Steven Spielberg Turning Kubrick’s Unmade ‘Napoleon’ Into HBO Series
After about half a century in the film business, Steven Spielberg finally made his movie musical, with his remake of West Side Story, and told his own life story in The Fabelmans. So how do you top that? How about by finally making of the greatest unmade films in history into a reality?
Speaking at the Berlin Film Festival this week, Spielberg confirmed that he is prepping a “large production” based on Stanley Kubrick’s unfilmed screenplay for a Napoleon film. Rather than a movie, though, Spielberg’s version — which is being made with the cooperation of Christiane Kubrick and Jan Harlan — will be a “seven-part limited series.”
Kubrick’s career was littered with projects he researched for years but never actually mounted, but his Napoleon may be the most famous. Kubrick initially attempted a Napoleon film in the years after 2001: A Space Odyssey, but the project never came together. (He eventually applied some of the research he’d done to the making of Barry Lyndon, which was set around roughly the same period in history.)

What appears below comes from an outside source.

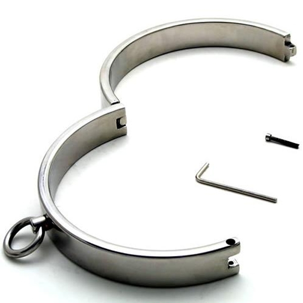 Ошейник изготовлен из нержавеющей стали. Прилагается ключ к замку. Спереди прикреплено кольцо для поводка и цепи. Внутренний диаметр 12 см., ширина 2 см., толщина 0,5 см.

Spielberg had revealed his interest in making Kubrick’s Napoleon before, but it now seems like a much firmer reality. He has obviously worked from Kubrick’s raw materials before, having directed A.I. Artificial Intelligence after Kubrick passed away without ever turning that script into a reality. And Spielberg has worked in TV several times before, including on the acclaimed World War II miniseries Band of Brothers.
If Spielberg and HBO get Napoleon off the ground relatively soon, it will have to compete with Ridley Scott’s film about the same French leader. That version, which stars Joaquin Phoenix in the title role, will be released later this year through Apple TV+.